* **TASK BRIEF**: Repeat precisely the span of lines below that opens with the line containing "صدا را دریافت" and closes with the line containing "Signed photograph, shown", both included.

* **AVAILABLE RECORDS**:
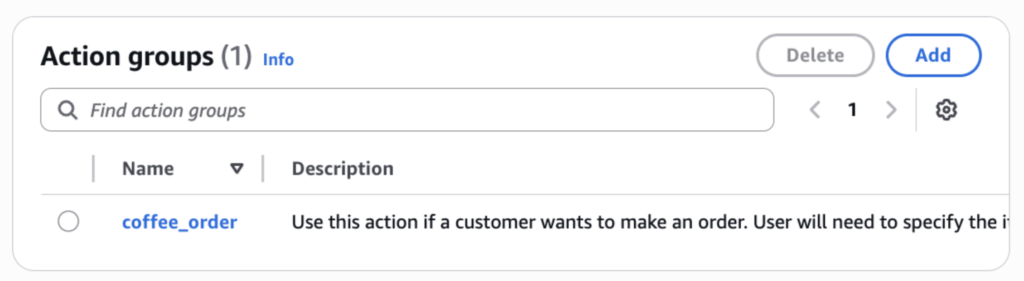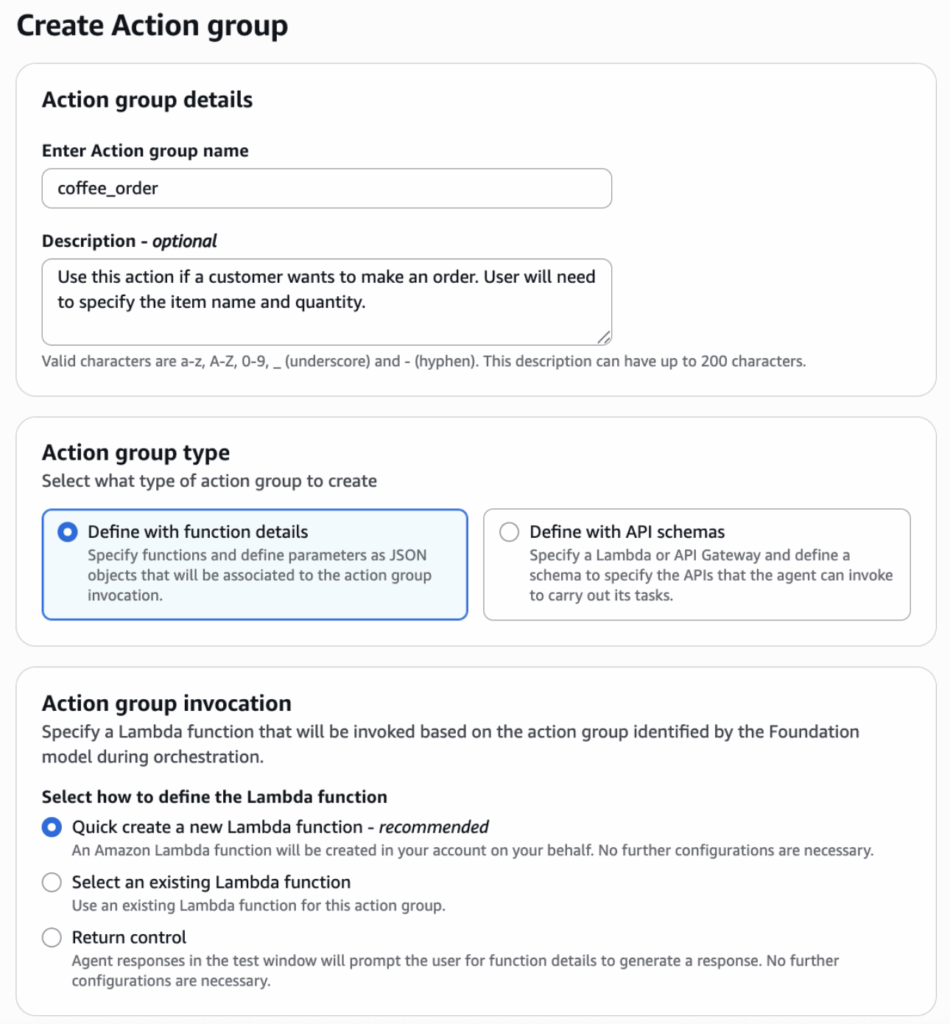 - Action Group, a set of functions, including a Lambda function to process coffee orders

==

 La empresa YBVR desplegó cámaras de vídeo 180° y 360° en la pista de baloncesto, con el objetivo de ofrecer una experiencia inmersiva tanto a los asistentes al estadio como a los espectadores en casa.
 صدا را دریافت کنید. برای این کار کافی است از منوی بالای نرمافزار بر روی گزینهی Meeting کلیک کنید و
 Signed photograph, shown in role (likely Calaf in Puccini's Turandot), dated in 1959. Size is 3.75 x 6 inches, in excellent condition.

* **SOLVED PROBLEM**:
 صدا را دریافت کنید. برای این کار کافی است از منوی بالای نرمافزار بر روی گزینهی Meeting کلیک کنید و
 Signed photograph, shown in role (likely Calaf in Puccini's Turandot), dated in 1959. Size is 3.75 x 6 inches, in excellent condition.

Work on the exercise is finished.